Veitia Lab – Recurrent missense variants in clonal hematopoiesis-related genes present in the general population

Veitia Lab – Recurrent missense variants in clonal hematopoiesis-related genes present in the general population

The Veitia team has just published a new paper in Clinical Genetics:

 

Recurrent missense variants in clonal hematopoiesis-related genes present in the general population

 

Abstract

Clonal hematopoiesis (CH) consists in an abnormal expansion of a hematopoietic stem cell bearing an advantageous somatic variant. A survey of known recurrent somatic missense variants in DNMT3A, SF3B1, SRSF2 and TP53, some of the most prominent genes underlying CH of indeterminate potential (CHIP), in gnomAD non-cancer database shows the presence of 73 variants. Many of them reach frequencies higher than 0.01% in various populations and, in many cases, are enriched in specific populations.
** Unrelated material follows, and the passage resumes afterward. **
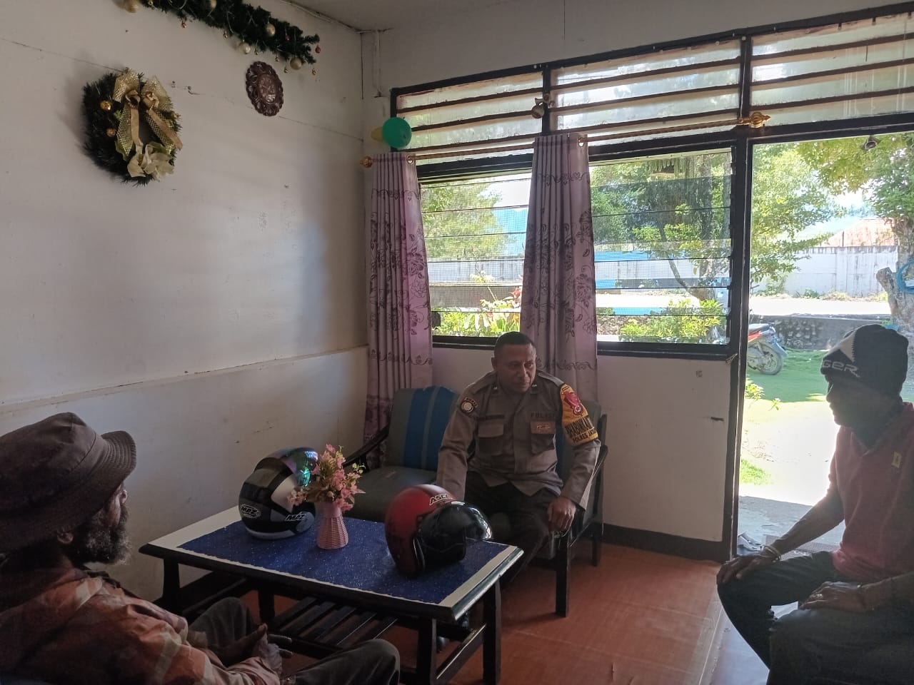 Dalam kegiatan sambang tersebut anggota Bhabin Aipda Rio Mandouwen menemui bapak Linder Mourin dan Hans Kogoya guna menjalin tali silaturahmi sekaligus memberikan pesan-pesan Kamtibmas menjelang Pemilu 2024.
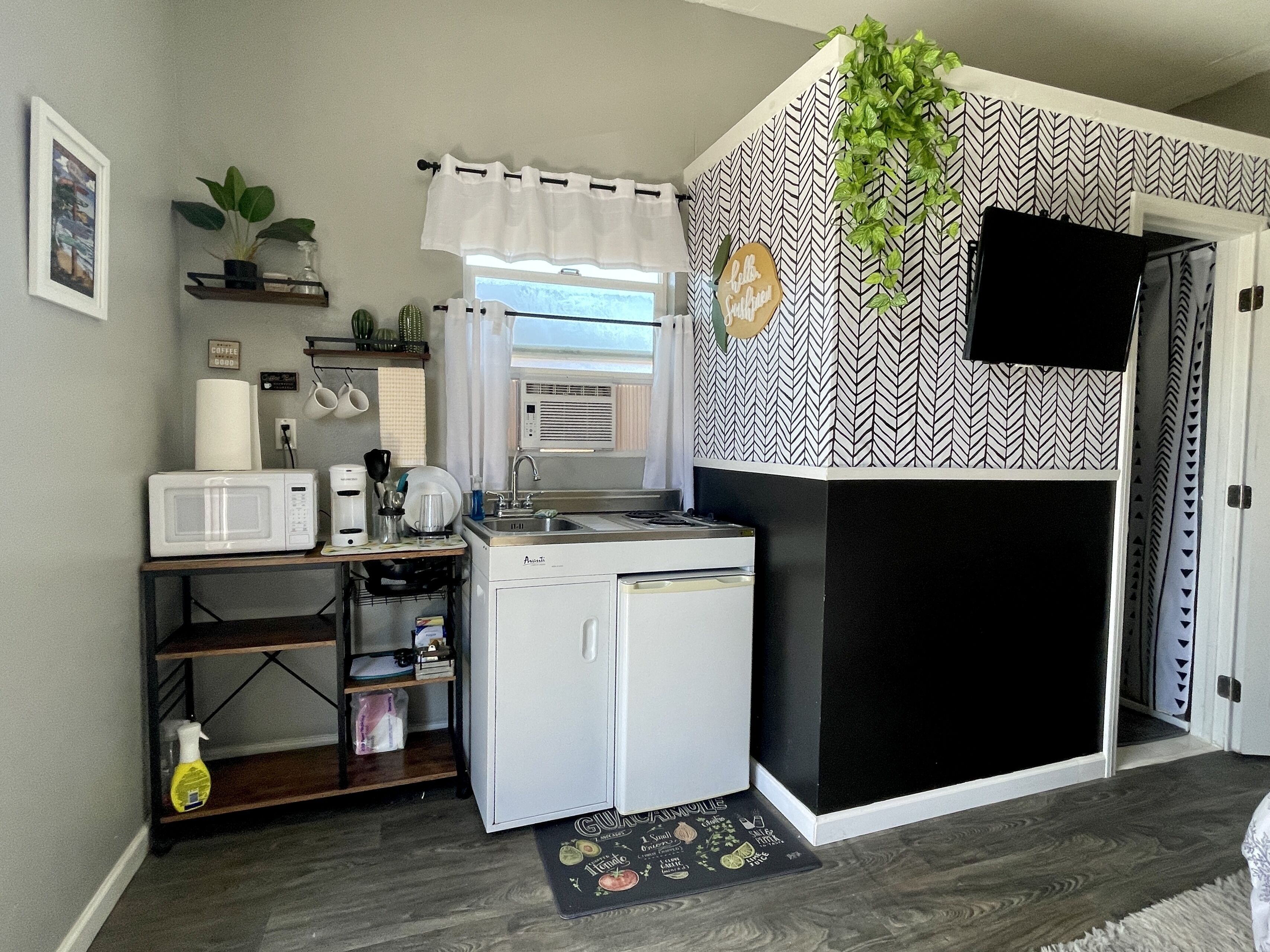 Cozy Studio Super cozy studio ready to be your home away from home. Lemon Drop is small but extremely functional.Slumber on a firm Queen mattress and enjoy streaming on the tv. It’s equipped with a mini fridge, two burner electric stove, coffee maker, microwave, outdoor private patio area. Street parking. Lemon drop is behind the main house currently occupied by tenants, there is one shared wall. Entrance is private and away from Main Street.

Consistent with their involvement in CHIP, we found that the age distribution of the carriers is shifted towards old ages. Moreover, the variant allele frequencies (VAFs) are on average lower than 50%, expected for germline heterozygous variants. The pervasive presence of such variants in blood DNA from elder individuals is compatible with CHIP of somatic origin. On practical grounds, CHIP can lead to misclassification of somatic variants in cancer-predisposition genes as inherited, which bear consequences for the affected individual and his/her family.